= Pohoy =

Chiefdom on Tampa Bay, Florida

Pohoy was a chiefdom on the shores of Tampa Bay in present-day Florida in the late sixteenth century and all of the seventeenth century. Following slave-taking raids by people from the Lower Towns of the Muscogee Confederacy (called Uchise by the Spanish and "Lower Creeks" by the English) at the beginning of the eighteenth century, the surviving Pohoy people lived in several locations in peninsular Florida. The Pohoy disappeared from historical accounts after 1739.

==Alternate names==
The Spanish variously recorded the name of the chiefdom and people as Pohoy, Pojoy, Pojoi, Pooy, Posoy, and Pujoy. Jerald Milanich states that the name "Pohoy" is a form of Capaloey, the name of a chiefdom on Tampa Bay in the first half of the sixteenth century..

==Sixteenth century==
Tampa Bay was the heart of the Safety Harbor culture area. People in the Safety Harbor culture lived in chiefdoms, consisting of a chief town and several outlying communities, controlling about 15 mi of shoreline and extending 20 mi or so inland. Ceremonial earthwork mounds were built in the chief towns. Chief towns were occasionally abandoned and new towns were built. There are fifteen or more Safety Harbor chief town sites known, most of which are located on a shoreline.
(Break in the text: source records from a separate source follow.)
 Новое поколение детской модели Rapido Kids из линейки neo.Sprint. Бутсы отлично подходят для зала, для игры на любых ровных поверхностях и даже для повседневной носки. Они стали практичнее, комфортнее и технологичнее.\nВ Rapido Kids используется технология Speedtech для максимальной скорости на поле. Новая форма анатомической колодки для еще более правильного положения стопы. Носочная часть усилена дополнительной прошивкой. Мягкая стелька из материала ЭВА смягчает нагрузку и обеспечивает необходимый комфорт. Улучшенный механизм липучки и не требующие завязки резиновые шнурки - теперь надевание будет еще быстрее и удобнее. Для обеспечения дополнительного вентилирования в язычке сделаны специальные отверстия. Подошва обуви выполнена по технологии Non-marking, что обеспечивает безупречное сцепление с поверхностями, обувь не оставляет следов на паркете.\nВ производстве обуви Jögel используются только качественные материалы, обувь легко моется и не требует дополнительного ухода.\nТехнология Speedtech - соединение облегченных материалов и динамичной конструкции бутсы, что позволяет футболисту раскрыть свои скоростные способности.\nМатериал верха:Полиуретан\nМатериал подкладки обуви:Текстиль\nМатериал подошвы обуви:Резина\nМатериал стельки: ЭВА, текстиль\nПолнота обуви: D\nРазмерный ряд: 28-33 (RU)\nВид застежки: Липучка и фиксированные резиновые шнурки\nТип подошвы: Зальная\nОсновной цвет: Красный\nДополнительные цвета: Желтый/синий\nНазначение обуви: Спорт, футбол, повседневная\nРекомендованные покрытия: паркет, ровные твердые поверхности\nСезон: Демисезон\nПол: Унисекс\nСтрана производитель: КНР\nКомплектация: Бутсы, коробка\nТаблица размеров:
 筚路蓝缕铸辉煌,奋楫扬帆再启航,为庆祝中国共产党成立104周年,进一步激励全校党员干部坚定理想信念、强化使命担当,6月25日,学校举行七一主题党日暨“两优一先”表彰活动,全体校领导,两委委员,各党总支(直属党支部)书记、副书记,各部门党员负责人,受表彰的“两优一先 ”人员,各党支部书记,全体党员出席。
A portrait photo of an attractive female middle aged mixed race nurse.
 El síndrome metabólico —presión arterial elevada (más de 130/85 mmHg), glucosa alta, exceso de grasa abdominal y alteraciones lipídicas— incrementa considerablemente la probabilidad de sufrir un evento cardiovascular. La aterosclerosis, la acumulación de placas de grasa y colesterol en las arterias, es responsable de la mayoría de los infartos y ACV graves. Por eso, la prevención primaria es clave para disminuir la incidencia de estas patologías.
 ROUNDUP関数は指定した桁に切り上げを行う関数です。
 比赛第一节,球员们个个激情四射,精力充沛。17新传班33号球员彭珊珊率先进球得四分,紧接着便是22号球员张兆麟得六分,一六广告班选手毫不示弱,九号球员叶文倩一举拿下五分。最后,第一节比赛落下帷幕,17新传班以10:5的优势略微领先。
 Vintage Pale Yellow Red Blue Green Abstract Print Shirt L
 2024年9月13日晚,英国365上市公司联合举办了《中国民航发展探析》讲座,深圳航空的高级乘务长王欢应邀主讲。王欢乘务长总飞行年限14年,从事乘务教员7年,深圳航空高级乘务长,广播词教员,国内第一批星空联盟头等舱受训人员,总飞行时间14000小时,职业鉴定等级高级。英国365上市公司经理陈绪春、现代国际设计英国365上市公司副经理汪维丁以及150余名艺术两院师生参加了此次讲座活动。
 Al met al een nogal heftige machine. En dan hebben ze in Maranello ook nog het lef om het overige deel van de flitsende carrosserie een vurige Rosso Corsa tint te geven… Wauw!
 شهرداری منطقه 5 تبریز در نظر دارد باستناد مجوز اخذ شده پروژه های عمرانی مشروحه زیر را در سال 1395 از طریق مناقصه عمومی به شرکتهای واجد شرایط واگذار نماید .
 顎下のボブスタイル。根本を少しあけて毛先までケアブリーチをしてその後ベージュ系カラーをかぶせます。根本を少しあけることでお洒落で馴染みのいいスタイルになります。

When the Spanish reached Tampa Bay early in the sixteenth century, they found four chiefdoms on the shores of the bay. The town of Tocobago was at the northern end of Old Tampa Bay (the northwest arm of Tampa Bay). Uzita controlled the south shore of Tampa Bay, from the Little Manatee River to Sarasota Bay. Mocoso was on the east side of Tampa Bay, on the Alafia River and, possibly, the Hillsborough River. Capaloey, was on Hillsborough Bay (the northeast arm of Tampa Bay), which may have included the Hillsborough River. Historian Jerald Milanich states that the name Pohoy is a form of Capaloey.

The de Soto expedition landed in Uzita territory in 1539. It passed through Mocoso territory, and further north along the Withlacoochee River. It noted the inland towns of Guacozo, Luca, Vicela, Tocaste, all of which may have been Safety Harbor culture settlements. The de Soto expedition is not known to have entered Capaloey territory. The Utiza and Mocoso chiefdoms disappeared within 35 years after the encounter with the de Soto expedition, and Tocobago dominated Tampa Bay when Pedro Menéndez de Avilés visited there in 1567.

==Seventeenth century==
The name Pohoy first appears in historical accounts early in the seventeenth century. In 1608, an alliance of Pohoy and Tocobago may have threatened those Potano who had been converted to Christianity. In 1611 a raiding party from the two chiefdoms killed several Christianized Indians carrying supplies to the Spanish mission (Cofa) at the mouth of the Suwannee River. In 1612, the Spanish launched a punitive expedition down the Suwannee River and along the Gulf coast, attacking Tocobago and Pohoy; they killed many of the native people, including both chiefs.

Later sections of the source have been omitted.